> _COLLECTED MATERIAL_:
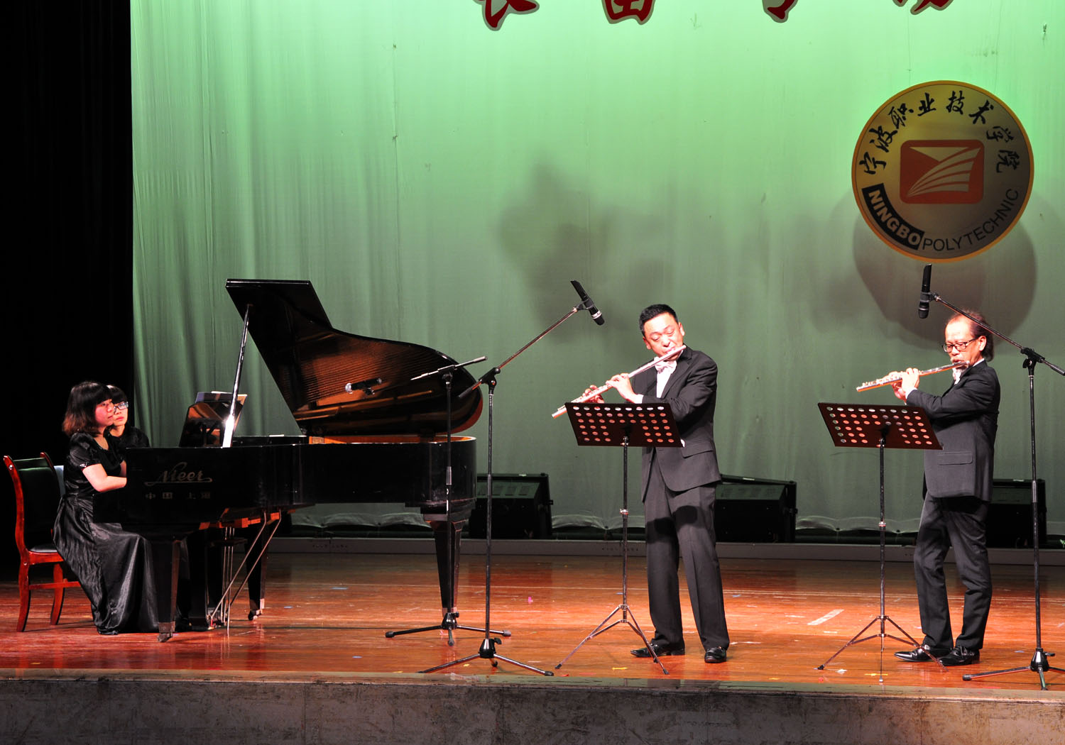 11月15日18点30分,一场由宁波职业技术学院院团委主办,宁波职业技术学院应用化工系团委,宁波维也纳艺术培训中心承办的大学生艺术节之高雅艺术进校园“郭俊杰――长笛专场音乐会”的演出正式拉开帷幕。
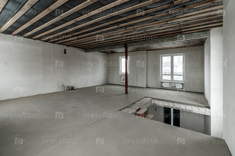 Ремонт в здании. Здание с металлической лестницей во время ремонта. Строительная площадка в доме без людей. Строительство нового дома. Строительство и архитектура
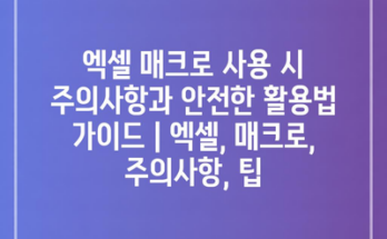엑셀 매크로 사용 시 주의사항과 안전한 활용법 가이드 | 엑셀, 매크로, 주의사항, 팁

> _WORK ORDER_: Write out, word for word, only the lines from the one containing "Ремонт в здании." to the end of the data above; the pictures stay out.

> _SOLUTION FOR THIS PROBLEM_:
 Ремонт в здании. Здание с металлической лестницей во время ремонта. Строительная площадка в доме без людей. Строительство нового дома. Строительство и архитектура
엑셀 매크로 사용 시 주의사항과 안전한 활용법 가이드 | 엑셀, 매크로, 주의사항, 팁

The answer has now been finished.